### Assignment
Print every line of the listing below, starting with the line that holds "Các đại biểu" and going on through the line that holds "ハンドメイドで編まれた、ワイヤー製のワンハンドルバスケット。", both included, and print nothing else.

### Records for the exercise
● ● ● ● ● ● ●
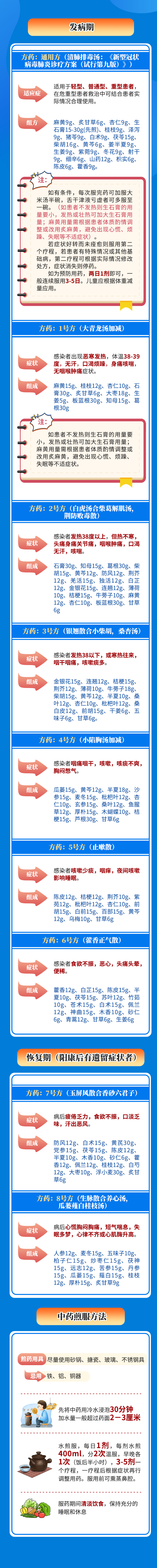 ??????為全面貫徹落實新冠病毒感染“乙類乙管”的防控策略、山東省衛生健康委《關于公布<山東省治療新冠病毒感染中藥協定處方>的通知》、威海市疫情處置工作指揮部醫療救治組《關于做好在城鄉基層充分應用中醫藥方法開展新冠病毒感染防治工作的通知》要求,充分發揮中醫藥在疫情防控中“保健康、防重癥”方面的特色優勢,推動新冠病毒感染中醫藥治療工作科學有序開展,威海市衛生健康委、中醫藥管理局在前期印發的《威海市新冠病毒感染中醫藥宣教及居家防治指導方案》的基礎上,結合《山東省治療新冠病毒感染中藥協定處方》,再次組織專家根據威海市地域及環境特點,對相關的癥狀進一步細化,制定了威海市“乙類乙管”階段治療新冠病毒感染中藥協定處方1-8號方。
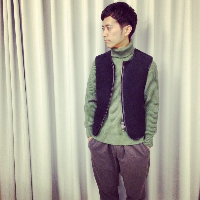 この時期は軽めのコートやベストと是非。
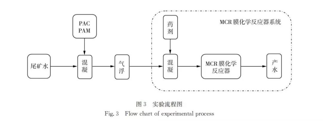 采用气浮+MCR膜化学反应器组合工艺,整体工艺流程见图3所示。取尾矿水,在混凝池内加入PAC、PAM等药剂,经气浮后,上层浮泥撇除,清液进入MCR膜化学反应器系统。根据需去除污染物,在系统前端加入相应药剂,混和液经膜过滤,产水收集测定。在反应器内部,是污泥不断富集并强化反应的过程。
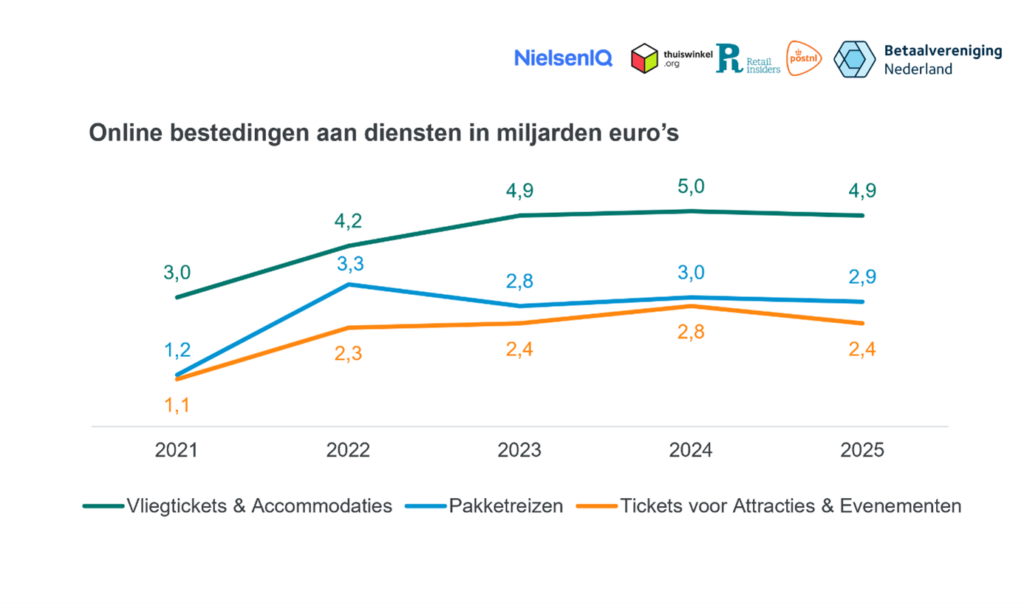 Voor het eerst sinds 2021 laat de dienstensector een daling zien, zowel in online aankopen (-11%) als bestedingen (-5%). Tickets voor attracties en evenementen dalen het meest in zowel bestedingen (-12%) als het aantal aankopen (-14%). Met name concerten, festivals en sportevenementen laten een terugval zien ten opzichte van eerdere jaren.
● ● ● ● ● ● ●
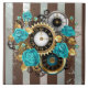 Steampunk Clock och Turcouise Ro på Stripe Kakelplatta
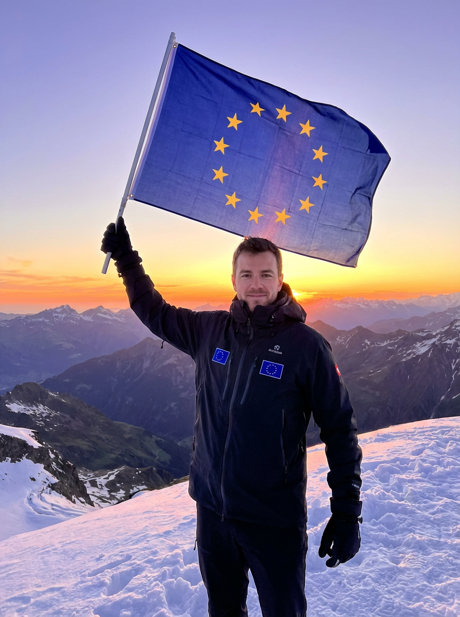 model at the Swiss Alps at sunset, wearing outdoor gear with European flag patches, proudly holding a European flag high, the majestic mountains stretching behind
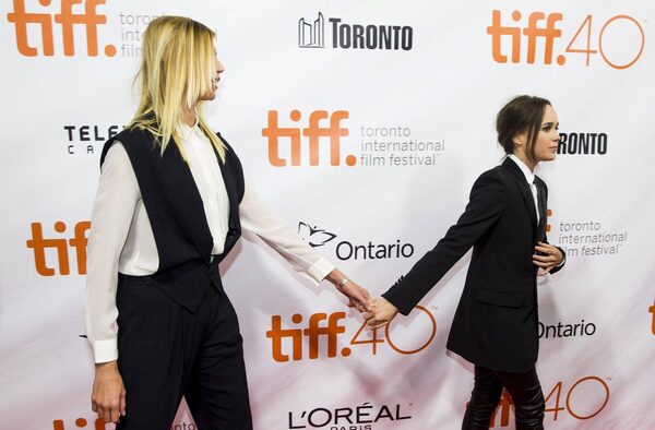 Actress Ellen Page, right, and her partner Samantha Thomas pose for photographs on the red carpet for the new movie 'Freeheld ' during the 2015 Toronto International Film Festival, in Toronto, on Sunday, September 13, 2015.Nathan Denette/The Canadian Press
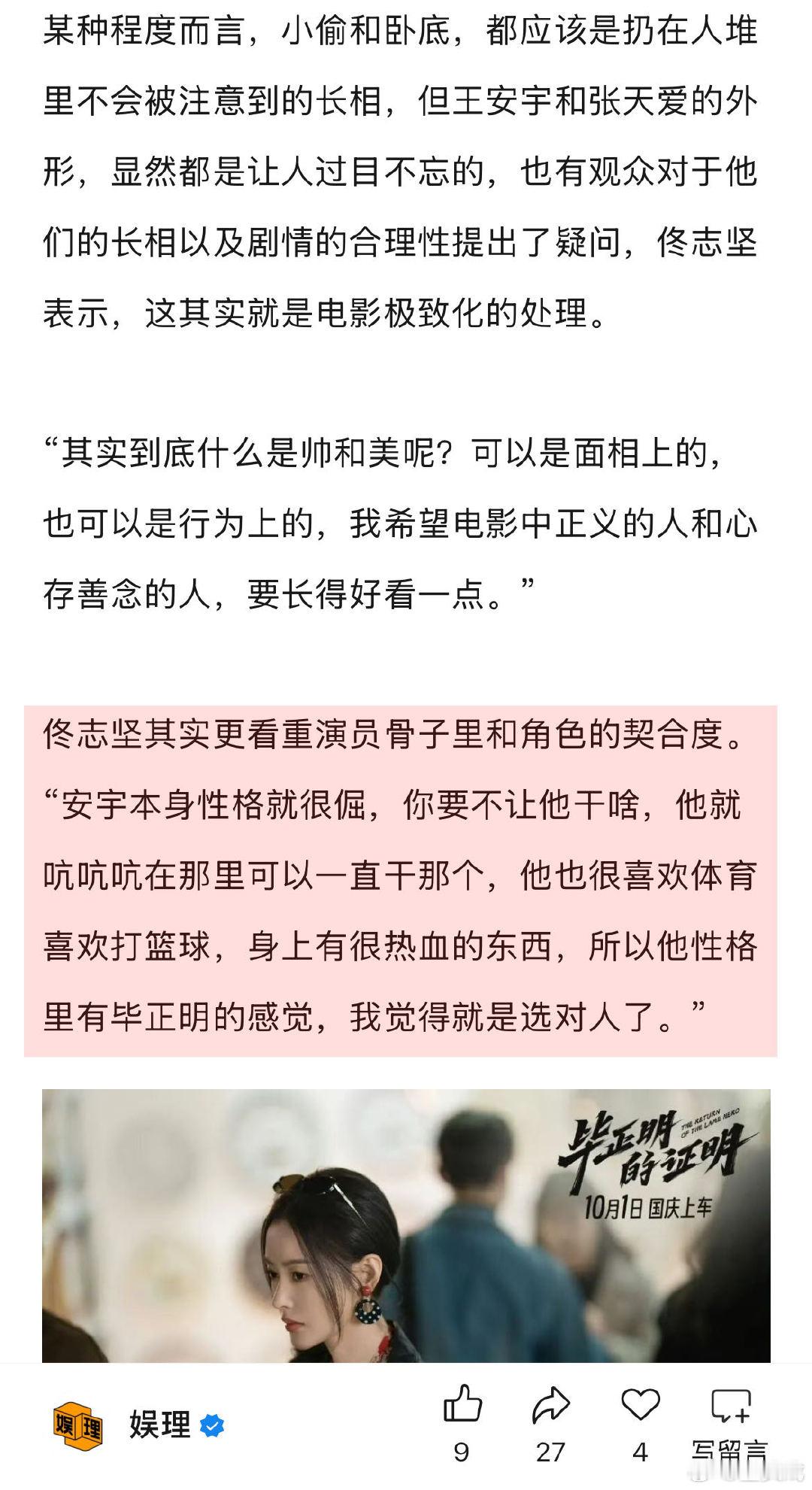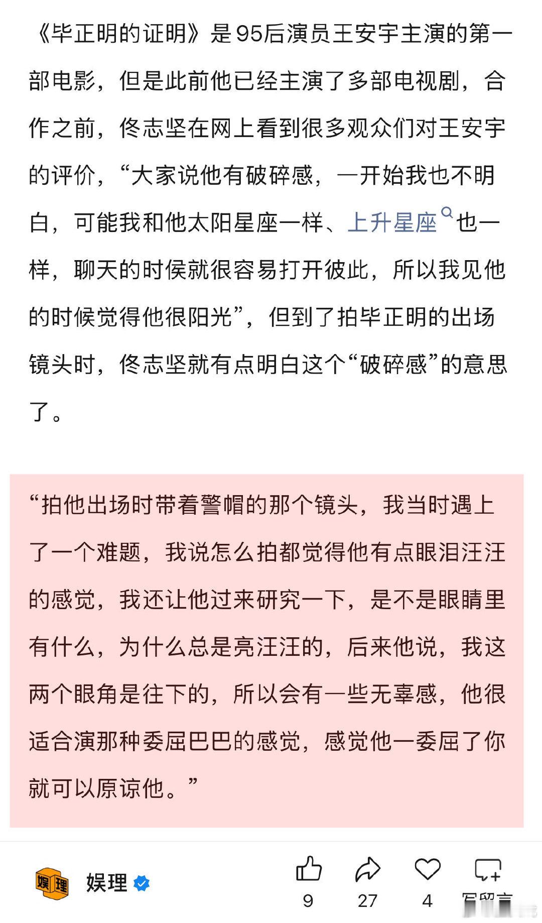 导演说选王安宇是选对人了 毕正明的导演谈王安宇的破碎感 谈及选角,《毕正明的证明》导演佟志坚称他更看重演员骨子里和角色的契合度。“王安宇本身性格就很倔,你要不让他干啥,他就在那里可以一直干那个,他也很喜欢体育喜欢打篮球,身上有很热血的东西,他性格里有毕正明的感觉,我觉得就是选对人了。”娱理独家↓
● ● ● ● ● ● ●
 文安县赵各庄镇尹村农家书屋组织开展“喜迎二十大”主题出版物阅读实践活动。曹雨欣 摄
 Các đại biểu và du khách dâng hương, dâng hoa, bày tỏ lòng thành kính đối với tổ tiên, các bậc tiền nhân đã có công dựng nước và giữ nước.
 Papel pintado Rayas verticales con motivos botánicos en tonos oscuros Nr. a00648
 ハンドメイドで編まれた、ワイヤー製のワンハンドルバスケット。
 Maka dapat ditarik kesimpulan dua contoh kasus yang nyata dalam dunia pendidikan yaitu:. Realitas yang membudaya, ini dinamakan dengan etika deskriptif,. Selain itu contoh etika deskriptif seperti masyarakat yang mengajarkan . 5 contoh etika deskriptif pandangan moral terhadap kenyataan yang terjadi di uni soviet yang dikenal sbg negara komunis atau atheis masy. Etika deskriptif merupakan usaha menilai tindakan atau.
● ● ● ● ● ● ●
### Output for this exercise
 Các đại biểu và du khách dâng hương, dâng hoa, bày tỏ lòng thành kính đối với tổ tiên, các bậc tiền nhân đã có công dựng nước và giữ nước.
 Papel pintado Rayas verticales con motivos botánicos en tonos oscuros Nr. a00648
 ハンドメイドで編まれた、ワイヤー製のワンハンドルバスケット。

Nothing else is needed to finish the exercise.